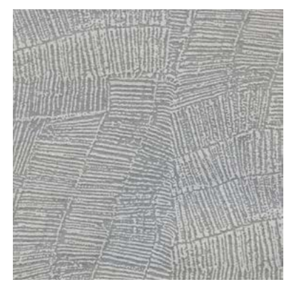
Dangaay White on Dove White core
—————
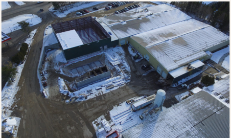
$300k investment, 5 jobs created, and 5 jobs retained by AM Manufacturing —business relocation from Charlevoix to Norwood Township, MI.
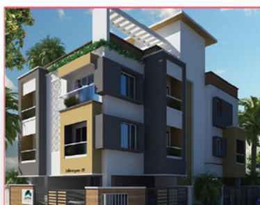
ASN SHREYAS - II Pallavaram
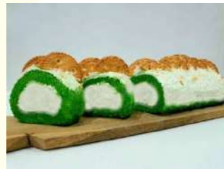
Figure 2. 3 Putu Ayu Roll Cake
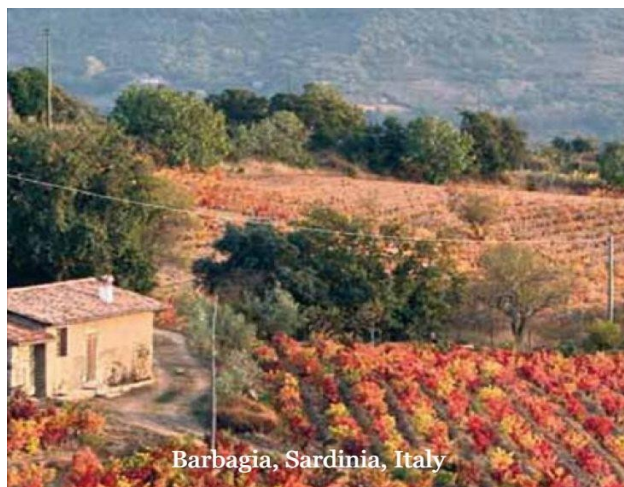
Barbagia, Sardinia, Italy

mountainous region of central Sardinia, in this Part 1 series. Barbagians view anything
—————
• DIRECTIONS:
Take every line in the preceding listing that contains "Sardinia" and copy it.

• RESPONSE BELOW:
Barbagia, Sardinia, Italy
mountainous region of central Sardinia, in this Part 1 series. Barbagians view anything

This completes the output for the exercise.